Some analysts suggest that any discussions about the yen could affect the Bank of Japan's monetary policy, as the BOJ's ultralow interest rates and its slow pace in raising rates could come under attack from the United States if they maintain a weak yen.
BOJ Governor Haruhiko Kuroda refused to comment on the yen exchange rate during his speech in Parliament on Friday, reiterating that they will continue to raise rates if the economic trends align with the BOJ's expectations.
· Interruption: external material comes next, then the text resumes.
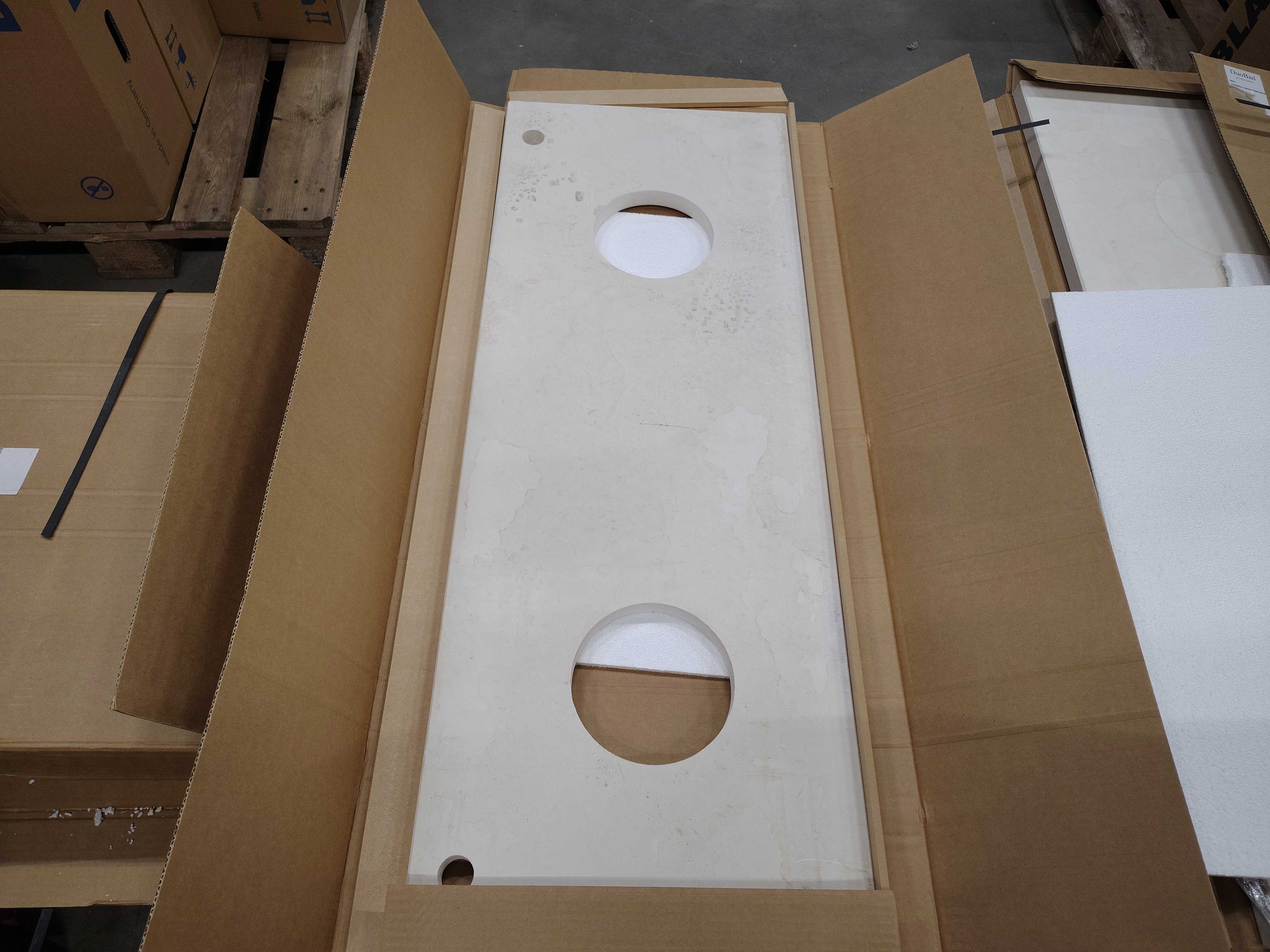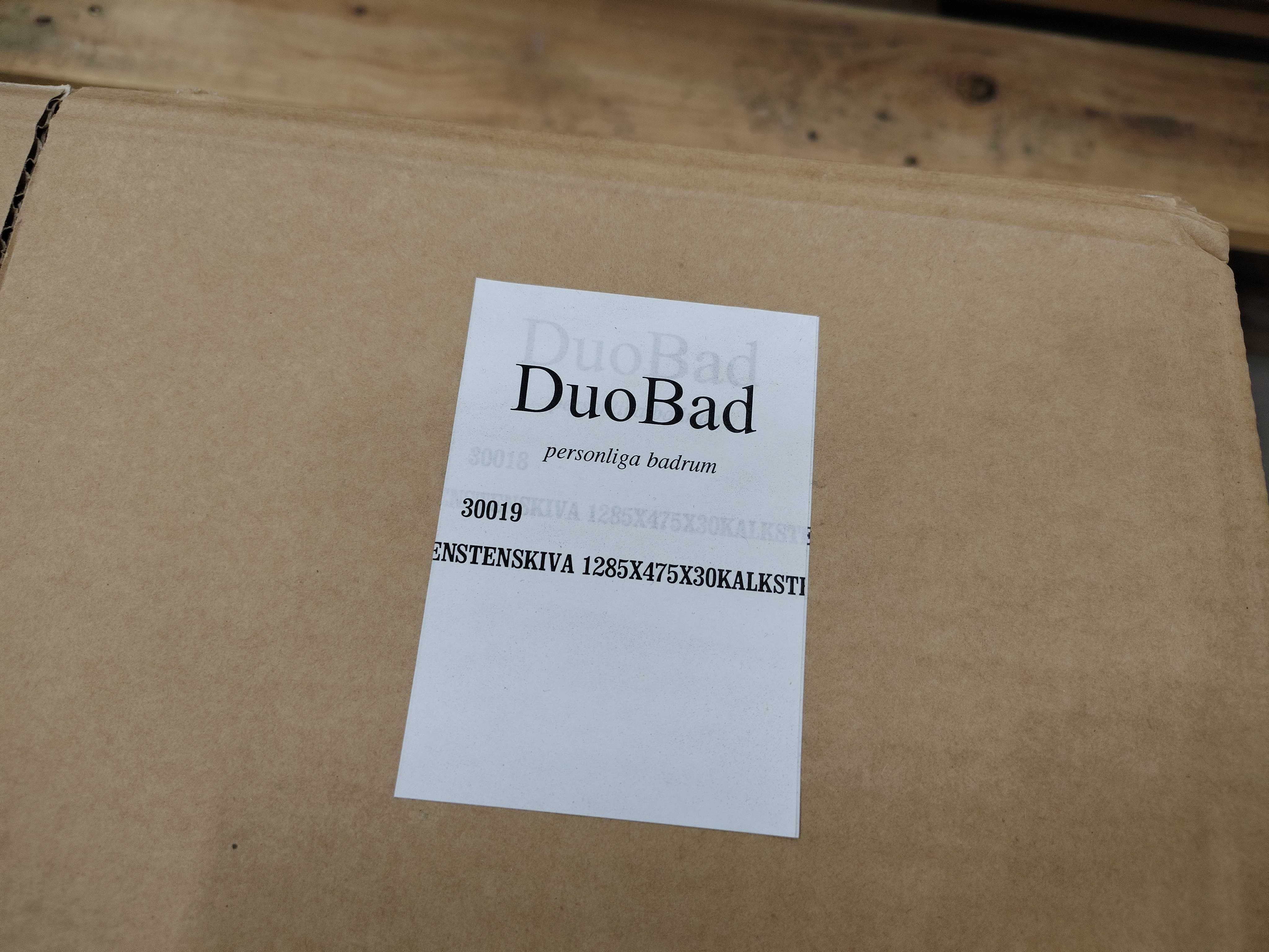 Stenskiva i kalksten från DuoBad. Passar utmärkt som bänkskiva i badrumsmiljö. Förberedd med hål för tvättställ och blandare.
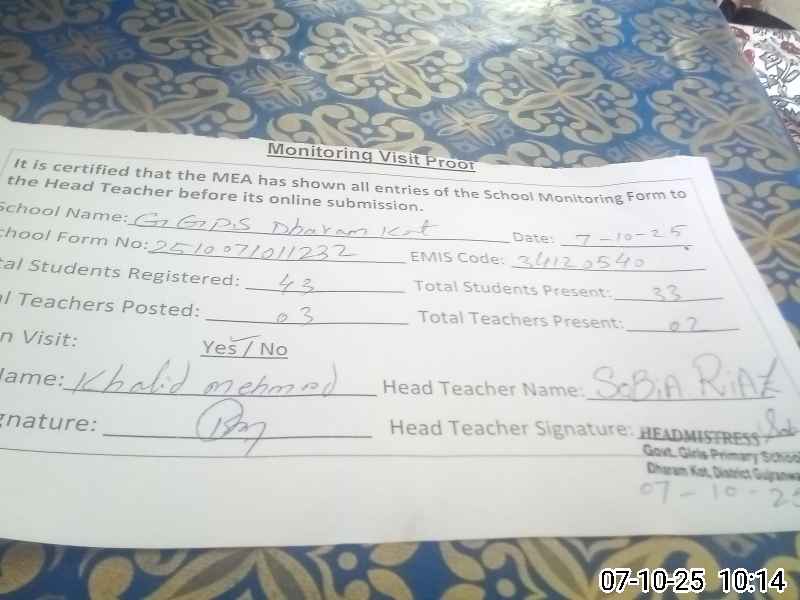 | EMIS Code: 34120540 | Name of School: GGPS DHARAM KOT | |||

When asked if the BOJ might choose to raise rates at the policy meeting on April 30th to May 1st under U.S. pressure, Kuroda said, "We will appropriately guide monetary policy from the perspective of achieving 2% inflation stably and sustainably."
Due to the global market turmoil caused by the Trump administration's tariff measures and heightened concerns about a global economic recession, the market currently expects the BOJ to keep the benchmark rate unchanged at 0.5% during the policy meeting on April 30th to May 1st, while also lowering economic growth forecasts.